Problem - Which lines of the entries below run from the one holding "18. aprelī 18" to the one holding "Altavoz Bluetooth® de", inclusive? Set down exactly those lines and no others.

Recorded information -

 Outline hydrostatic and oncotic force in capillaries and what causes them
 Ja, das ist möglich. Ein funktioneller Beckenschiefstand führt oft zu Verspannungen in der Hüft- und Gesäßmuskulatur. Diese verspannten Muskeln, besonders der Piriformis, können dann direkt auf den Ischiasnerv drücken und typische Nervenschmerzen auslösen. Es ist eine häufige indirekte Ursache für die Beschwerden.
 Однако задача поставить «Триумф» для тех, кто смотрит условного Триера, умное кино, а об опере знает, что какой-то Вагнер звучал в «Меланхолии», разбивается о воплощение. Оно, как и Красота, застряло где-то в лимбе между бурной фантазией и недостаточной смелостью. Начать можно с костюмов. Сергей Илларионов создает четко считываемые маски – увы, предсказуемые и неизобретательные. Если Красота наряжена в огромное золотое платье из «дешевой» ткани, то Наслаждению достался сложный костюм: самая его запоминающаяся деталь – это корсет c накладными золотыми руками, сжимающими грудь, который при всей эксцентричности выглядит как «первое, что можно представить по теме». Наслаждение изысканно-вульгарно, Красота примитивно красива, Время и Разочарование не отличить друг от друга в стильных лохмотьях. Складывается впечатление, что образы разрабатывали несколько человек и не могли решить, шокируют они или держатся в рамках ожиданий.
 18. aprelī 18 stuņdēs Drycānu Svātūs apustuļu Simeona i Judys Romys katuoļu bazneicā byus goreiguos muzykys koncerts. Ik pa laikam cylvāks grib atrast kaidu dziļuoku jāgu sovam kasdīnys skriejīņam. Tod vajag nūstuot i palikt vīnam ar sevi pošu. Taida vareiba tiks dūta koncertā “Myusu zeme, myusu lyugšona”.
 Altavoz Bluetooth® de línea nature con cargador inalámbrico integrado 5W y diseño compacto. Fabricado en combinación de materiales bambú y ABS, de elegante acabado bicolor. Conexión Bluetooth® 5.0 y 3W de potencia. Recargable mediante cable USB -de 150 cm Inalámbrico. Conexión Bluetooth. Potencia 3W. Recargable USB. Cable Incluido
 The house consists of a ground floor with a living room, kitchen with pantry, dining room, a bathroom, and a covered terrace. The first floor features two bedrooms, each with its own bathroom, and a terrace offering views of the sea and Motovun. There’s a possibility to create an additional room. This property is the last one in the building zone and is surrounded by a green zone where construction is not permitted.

...

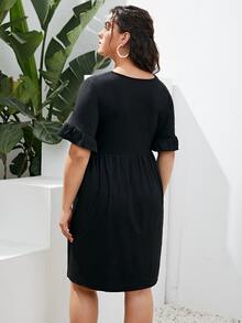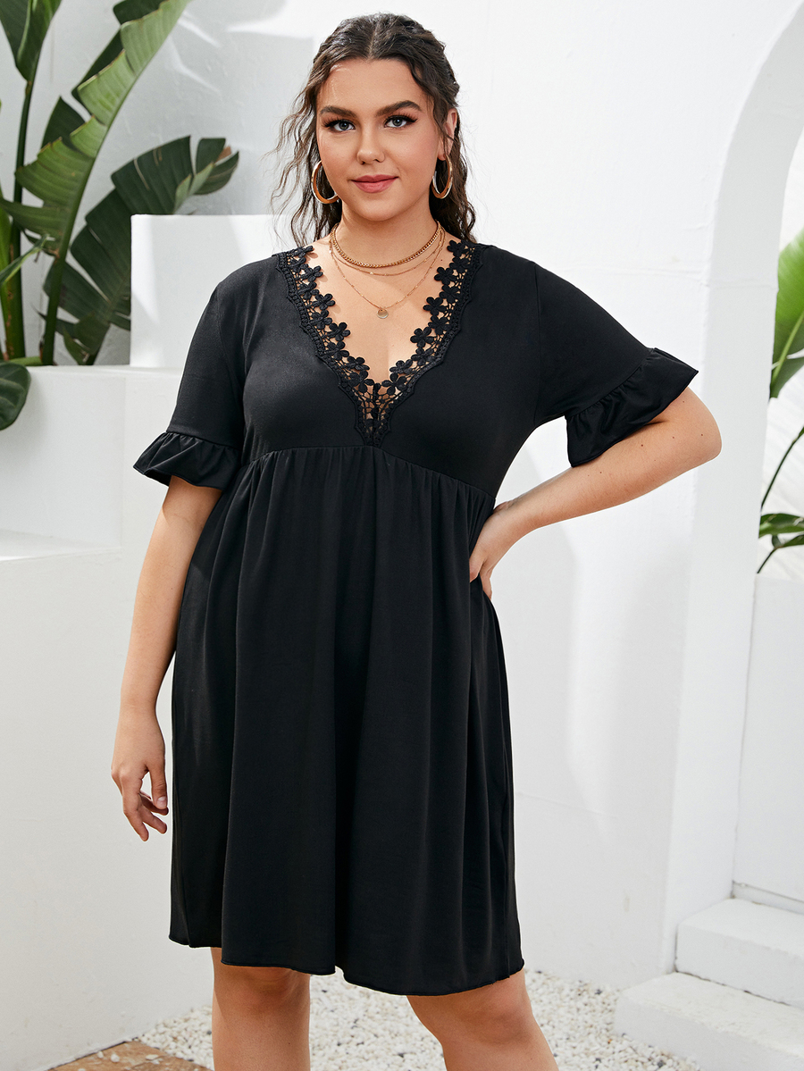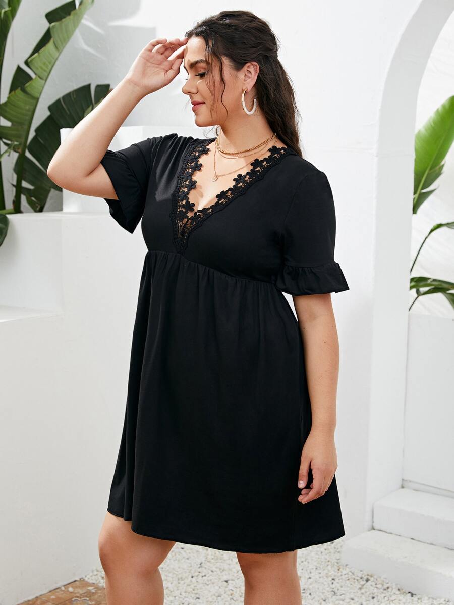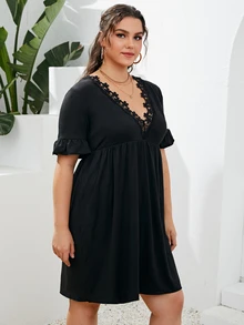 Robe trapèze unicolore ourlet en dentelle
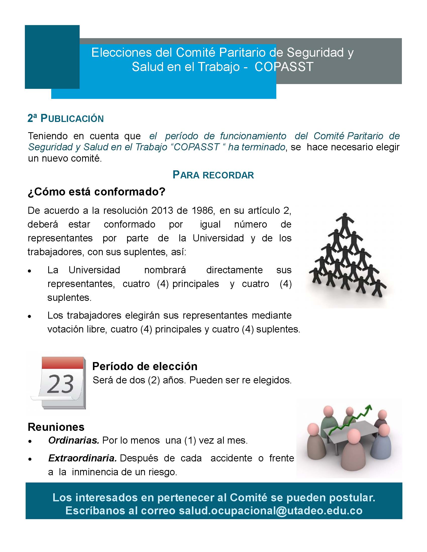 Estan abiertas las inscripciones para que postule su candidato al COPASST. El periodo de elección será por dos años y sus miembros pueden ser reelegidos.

Exercise solution -
 18. aprelī 18 stuņdēs Drycānu Svātūs apustuļu Simeona i Judys Romys katuoļu bazneicā byus goreiguos muzykys koncerts. Ik pa laikam cylvāks grib atrast kaidu dziļuoku jāgu sovam kasdīnys skriejīņam. Tod vajag nūstuot i palikt vīnam ar sevi pošu. Taida vareiba tiks dūta koncertā “Myusu zeme, myusu lyugšona”.
 Altavoz Bluetooth® de línea nature con cargador inalámbrico integrado 5W y diseño compacto. Fabricado en combinación de materiales bambú y ABS, de elegante acabado bicolor. Conexión Bluetooth® 5.0 y 3W de potencia. Recargable mediante cable USB -de 150 cm Inalámbrico. Conexión Bluetooth. Potencia 3W. Recargable USB. Cable Incluido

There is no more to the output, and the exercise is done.